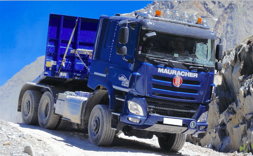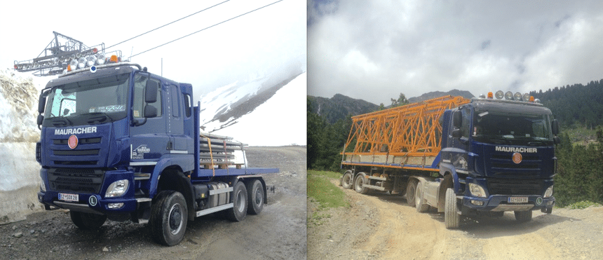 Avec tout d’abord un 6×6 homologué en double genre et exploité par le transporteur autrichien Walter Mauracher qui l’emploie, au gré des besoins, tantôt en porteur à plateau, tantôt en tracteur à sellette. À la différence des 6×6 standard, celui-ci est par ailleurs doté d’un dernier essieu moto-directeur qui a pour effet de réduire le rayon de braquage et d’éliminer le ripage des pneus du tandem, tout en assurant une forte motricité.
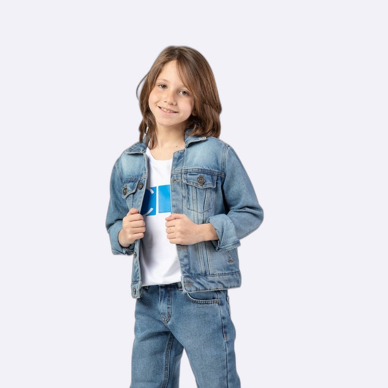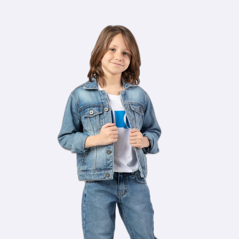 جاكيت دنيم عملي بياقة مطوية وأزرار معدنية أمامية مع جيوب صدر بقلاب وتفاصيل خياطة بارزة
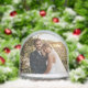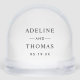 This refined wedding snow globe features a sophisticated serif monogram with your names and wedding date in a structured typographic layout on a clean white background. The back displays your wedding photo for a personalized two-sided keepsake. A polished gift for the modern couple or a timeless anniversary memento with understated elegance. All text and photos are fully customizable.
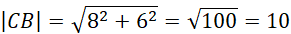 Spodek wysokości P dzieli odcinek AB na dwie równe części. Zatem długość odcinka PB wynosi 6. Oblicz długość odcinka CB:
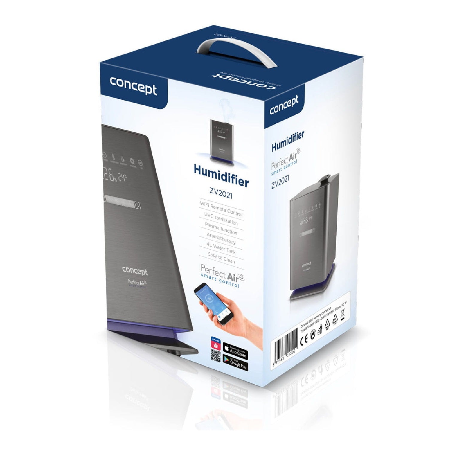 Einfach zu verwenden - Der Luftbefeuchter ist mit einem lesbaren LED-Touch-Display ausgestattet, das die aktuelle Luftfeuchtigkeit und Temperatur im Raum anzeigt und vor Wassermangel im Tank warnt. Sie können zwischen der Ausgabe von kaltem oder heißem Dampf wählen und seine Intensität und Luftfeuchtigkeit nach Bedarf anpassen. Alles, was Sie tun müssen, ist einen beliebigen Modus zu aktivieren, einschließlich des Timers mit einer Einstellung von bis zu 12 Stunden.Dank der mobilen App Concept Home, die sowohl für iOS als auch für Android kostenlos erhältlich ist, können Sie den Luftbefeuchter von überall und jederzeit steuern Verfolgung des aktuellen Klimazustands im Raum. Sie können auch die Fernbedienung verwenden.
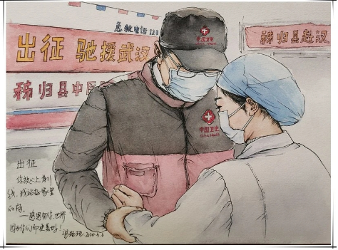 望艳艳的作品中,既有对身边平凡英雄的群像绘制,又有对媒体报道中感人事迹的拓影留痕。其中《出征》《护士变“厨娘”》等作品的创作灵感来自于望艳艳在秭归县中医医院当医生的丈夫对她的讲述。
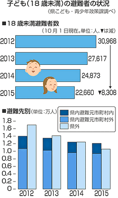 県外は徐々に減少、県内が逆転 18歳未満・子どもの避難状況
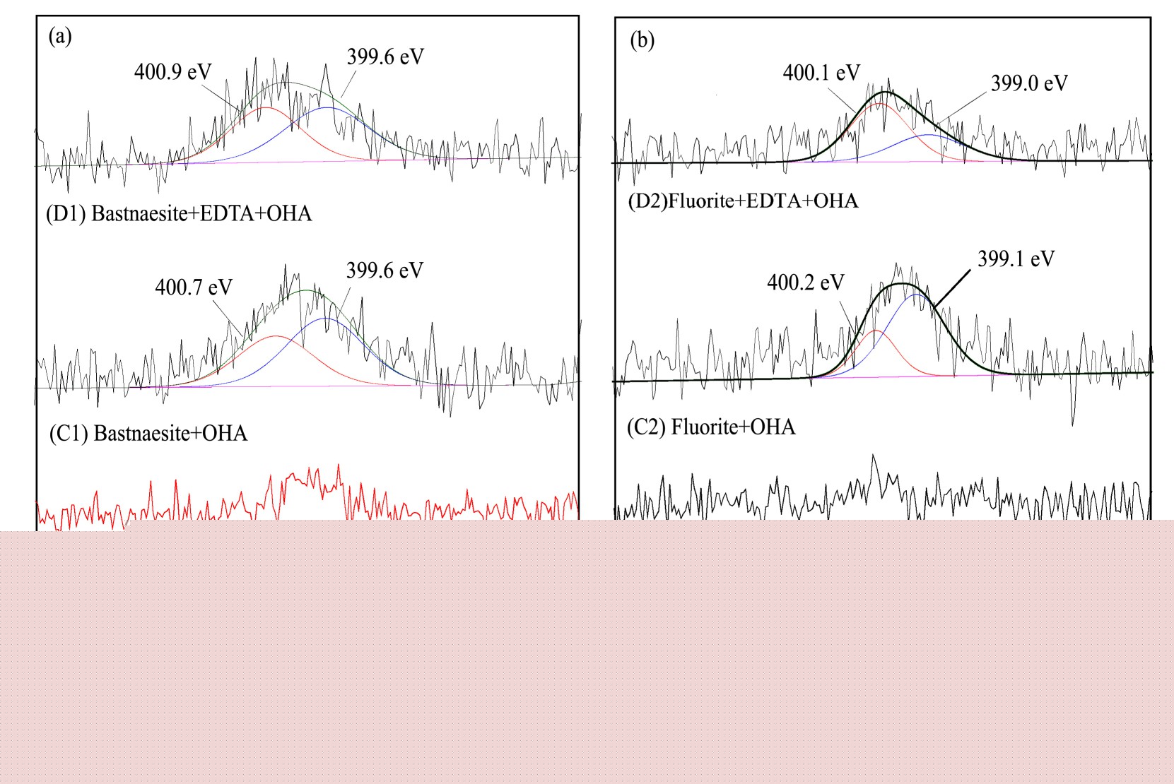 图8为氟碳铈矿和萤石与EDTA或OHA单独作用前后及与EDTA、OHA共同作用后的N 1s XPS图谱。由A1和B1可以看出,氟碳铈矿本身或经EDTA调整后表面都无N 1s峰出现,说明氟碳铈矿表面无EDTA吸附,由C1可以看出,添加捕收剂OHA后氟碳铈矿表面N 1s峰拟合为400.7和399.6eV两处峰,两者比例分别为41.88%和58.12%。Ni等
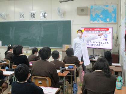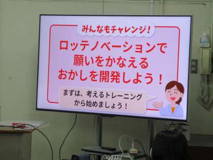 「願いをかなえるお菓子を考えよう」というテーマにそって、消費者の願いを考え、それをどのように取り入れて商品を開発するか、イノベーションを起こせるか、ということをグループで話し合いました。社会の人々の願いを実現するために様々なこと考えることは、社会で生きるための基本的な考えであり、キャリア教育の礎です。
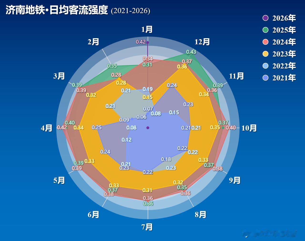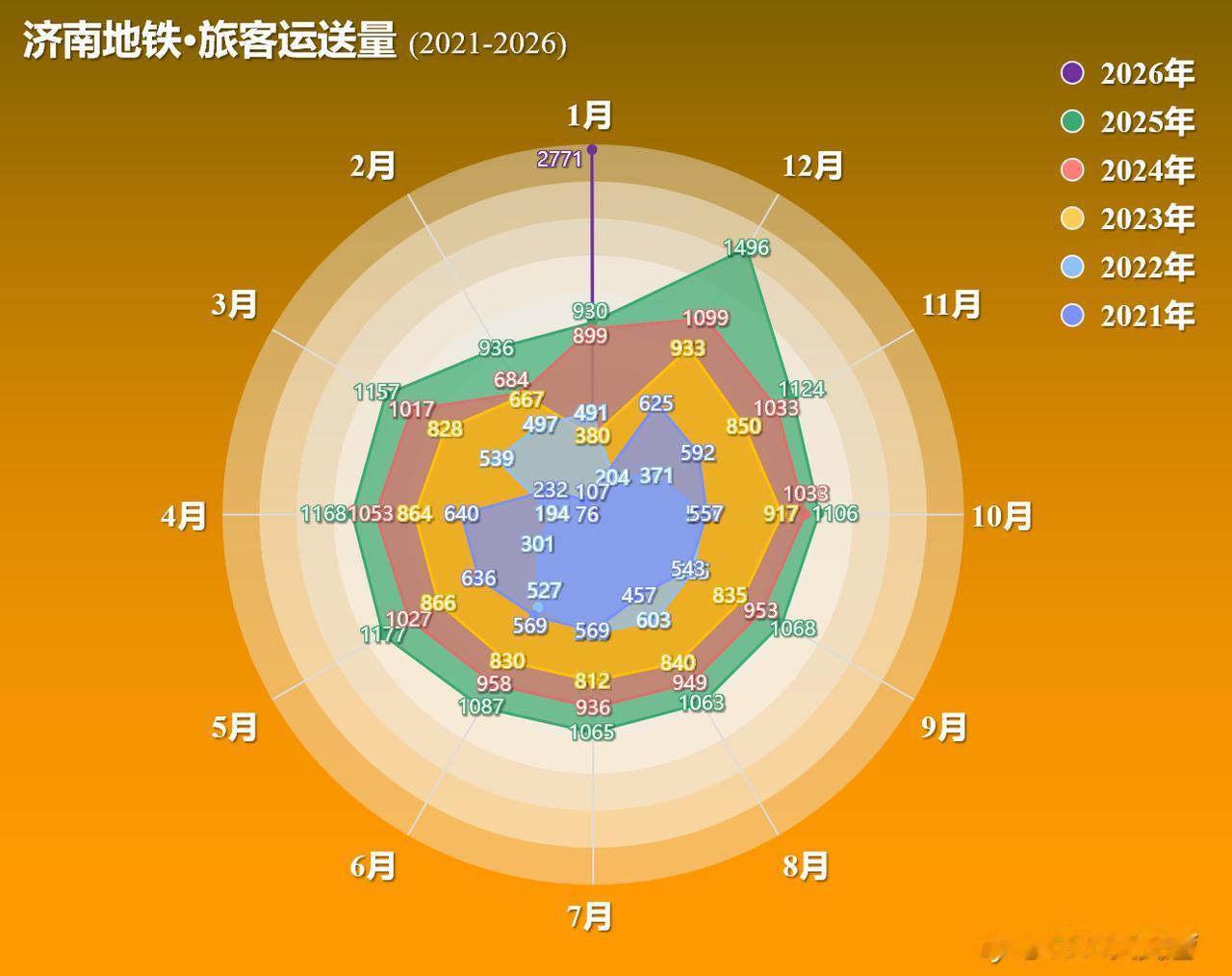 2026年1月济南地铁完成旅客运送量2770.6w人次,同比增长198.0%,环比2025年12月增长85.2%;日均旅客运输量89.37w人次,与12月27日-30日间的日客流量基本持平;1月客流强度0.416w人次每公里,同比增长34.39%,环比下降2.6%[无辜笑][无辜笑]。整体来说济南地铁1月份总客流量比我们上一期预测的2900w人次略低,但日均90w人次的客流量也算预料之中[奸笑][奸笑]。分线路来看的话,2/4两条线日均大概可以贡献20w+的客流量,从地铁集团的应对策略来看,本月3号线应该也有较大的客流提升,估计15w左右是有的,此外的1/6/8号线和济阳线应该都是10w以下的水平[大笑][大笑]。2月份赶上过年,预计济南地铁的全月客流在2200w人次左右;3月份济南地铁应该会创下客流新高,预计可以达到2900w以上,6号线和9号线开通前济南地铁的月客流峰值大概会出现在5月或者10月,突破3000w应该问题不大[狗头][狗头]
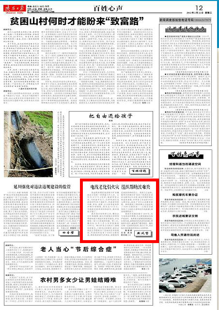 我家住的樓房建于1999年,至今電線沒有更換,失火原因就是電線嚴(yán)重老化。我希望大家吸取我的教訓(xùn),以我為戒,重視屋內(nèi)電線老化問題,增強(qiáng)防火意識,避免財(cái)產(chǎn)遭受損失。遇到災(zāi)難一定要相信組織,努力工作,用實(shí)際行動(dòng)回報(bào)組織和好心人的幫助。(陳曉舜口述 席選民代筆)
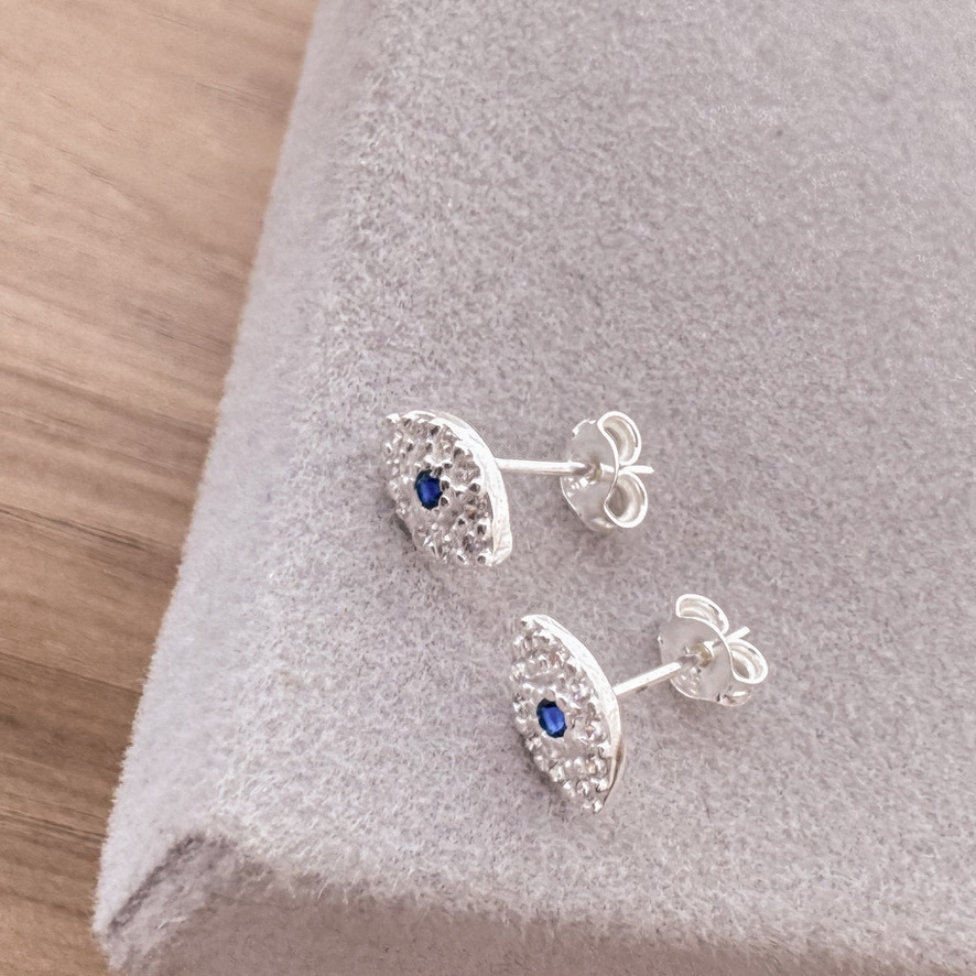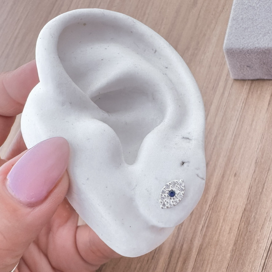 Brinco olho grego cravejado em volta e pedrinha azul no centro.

Problem requirements: With pictures left out, transcribe each line from the one containing "我家住的樓房建于1999年,至今電線沒有" through the end of the data, both ends included.

Finished exercise:
 我家住的樓房建于1999年,至今電線沒有更換,失火原因就是電線嚴(yán)重老化。我希望大家吸取我的教訓(xùn),以我為戒,重視屋內(nèi)電線老化問題,增強(qiáng)防火意識,避免財(cái)產(chǎn)遭受損失。遇到災(zāi)難一定要相信組織,努力工作,用實(shí)際行動(dòng)回報(bào)組織和好心人的幫助。(陳曉舜口述 席選民代筆)
 Brinco olho grego cravejado em volta e pedrinha azul no centro.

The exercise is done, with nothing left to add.